Additionally, corrugation may be needed (if hidden wiring) or cable channels (when open).

For electrical installation work you need the following tools:

  • Hammer or drill with three operating modes;
  • Various hammer drill attachments;
  • Grinder or wall chaser (optional, as you can use a hammer drill for this);
  • Standard electrician's kit (nippers, pliers, scissors, electrical tape, screwdrivers, hacksaw and knife);
  • Multimeter with dialing function.

These are tools for hidden type electrical wiring. For open type You will also need a long wire about 1.5 mm thick. With its help it is convenient to pull the cable through the channel.

Getting rid of old wiring

Attention! From this stage, all work is carried out after the entire apartment has been de-energized!

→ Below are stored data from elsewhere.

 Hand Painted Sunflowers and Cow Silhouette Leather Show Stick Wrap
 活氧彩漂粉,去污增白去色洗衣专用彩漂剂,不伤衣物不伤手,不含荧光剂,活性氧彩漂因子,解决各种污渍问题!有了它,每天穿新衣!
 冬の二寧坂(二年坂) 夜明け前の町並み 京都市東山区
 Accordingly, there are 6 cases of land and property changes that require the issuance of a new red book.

New wiring in the apartment is installed with your own hands only after removing the old one. For this:

  1. Look around the walls for old wire routes. Since cable installation starts from the distribution boxes, you need to find plastic lids or protrusions under wallpaper in the walls. The cover needs to be removed. In the case of open wiring, the search is simple;
  2. Disconnect the cables in the junction boxes;
  3. Pull the wires out of the grooves.

Sometimes dismantling old electrical wiring requires serious damage to the walls or floor if it ran under the floor covering. In this case, it is possible to maintain the finish, but then the wires are cut and their ends are carefully insulated. However, the markings of the new wiring should not coincide with the old circuit, otherwise you will have to destroy everything. This method is relevant when the floor has an expensive coating that lasts for decades. Then the new cable is laid along the wall.

How to make markup?

The marking is carried out according to the drawn up diagram using a ruler or tapping cord. It must be smooth and accurate: it is along it that grooves will subsequently be made or cable channels will be laid.

To make a line with a cord, you need to attach its free end to starting point route the wire and stretch it to the extreme point. In it, you need to pinch the cord with your finger, and with your free hand, pull it in the middle, and then quickly release it. It will hit the wall, leaving a clear line on it.

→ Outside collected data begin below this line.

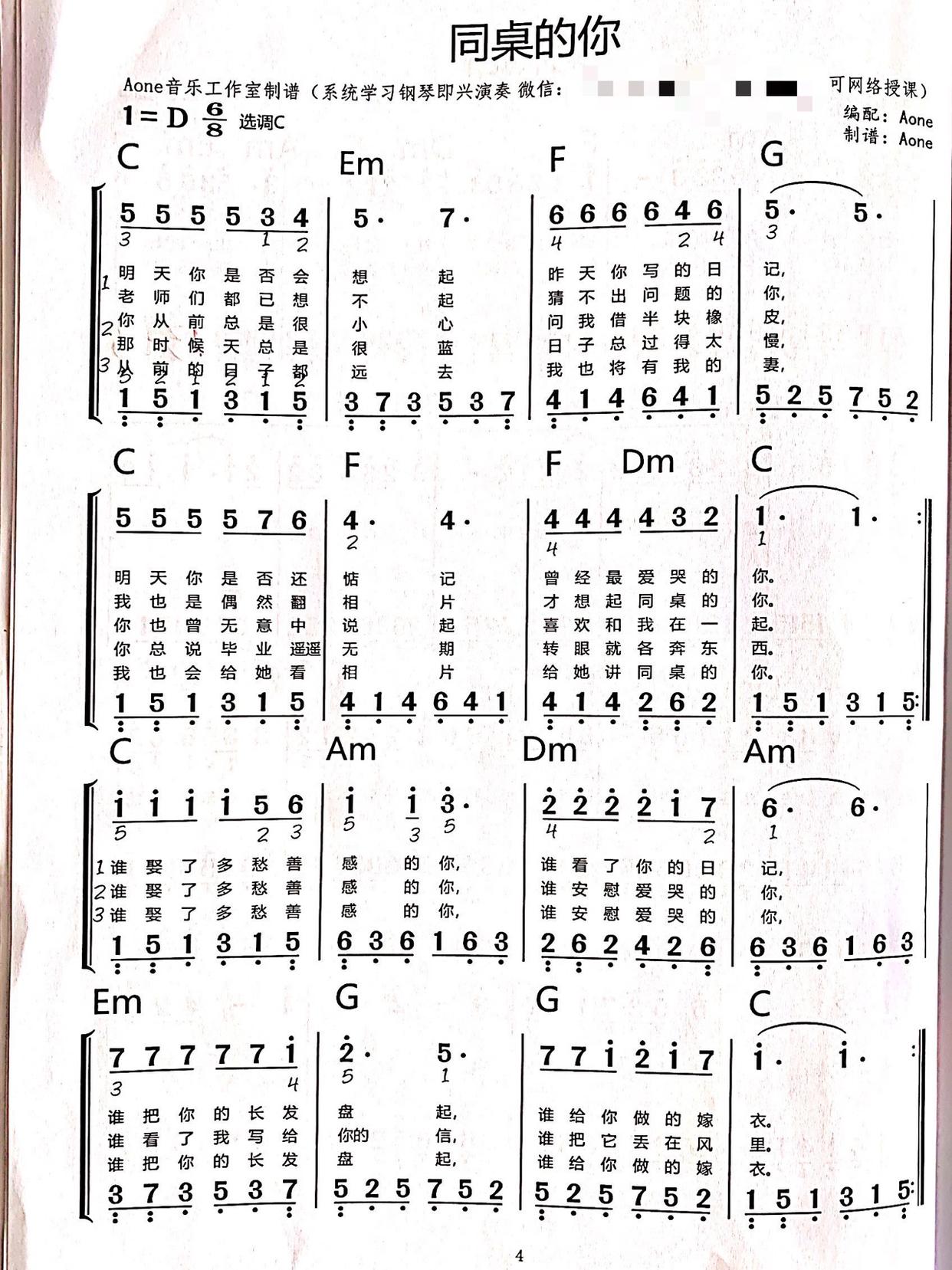 同桌的你 钢琴简谱完整版 简单上手易学
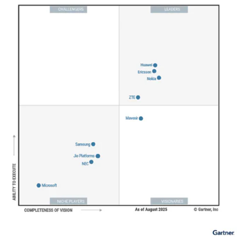 Recently, Gartner, a globally recognized research and advisory firm, released a report titled 2025 Magic Quadrant for 5G Core Network Infrastructure Solutions. In this report, Huawei was recognized as a leader in the Magic Quadrant and achieved the top ranking in terms of ability to execute, thanks to its comprehensive strengths in technological innovation and market execution. This achievement marks the global industry’s high recognition of Huawei’s strategic vision and execution capabilities in the 5G core network field.
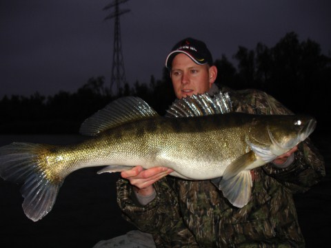 Ik had nog een afspraak staan met vismaat Harm, na lang afspreken dan toch eindelijk een dag gepland.we gaan met zijn boot de rivier op. We waren redelijk vroeg bij de haven waar de boot ligt.Het was nog donker,maar gauw de spullen erin motor starten en gaan! Eénmaal op de stek aangekomen in het donker werd de kunstaas-keuze gemaakt. De stek was een plaat van 1.5 meter water met een vrij steil talud naar 4 meter diep. Ik had een Savage gear Real Eel 40 cm gekregen om te testen.Deze had ik voorzien van een 30 grams Fox lood kop perfect om hem langs het talud al jerkend de diepte in te laten zakken. Na een worp of 10 is mijn Eel bijna onder aan het talud,wanneer er een dikke vis opbeukt.Bam!! Hanguhh!! Een dikke snoekbaars van 84 cm op de paling van 40 cm. Ze zijn er dus niet vies van,foto's maken en terug het water in.

Installation of new wiring

Now directly about how to change the wiring in the apartment yourself. The new cable can be laid in two ways: openly and hidden. But regardless of the type of electrical wiring, the first step is to install a shield.

We install the distribution panel

In modern apartments there is a special place for the distribution board in the form of a niche to which the power cable fits. Then all the trouble comes down to fixing the shield in it and installing circuit breakers and RCDs connected to the cable into it.

In Soviet apartments, the shield is mounted in a place that is chosen independently. It should be easy to access. Since the power cable is not connected to the apartment, it is necessary to drill a wall in the selected location to pull the cable through, which is used to connect to the access panel. For these purposes, only VVGng 5*6 is suitable.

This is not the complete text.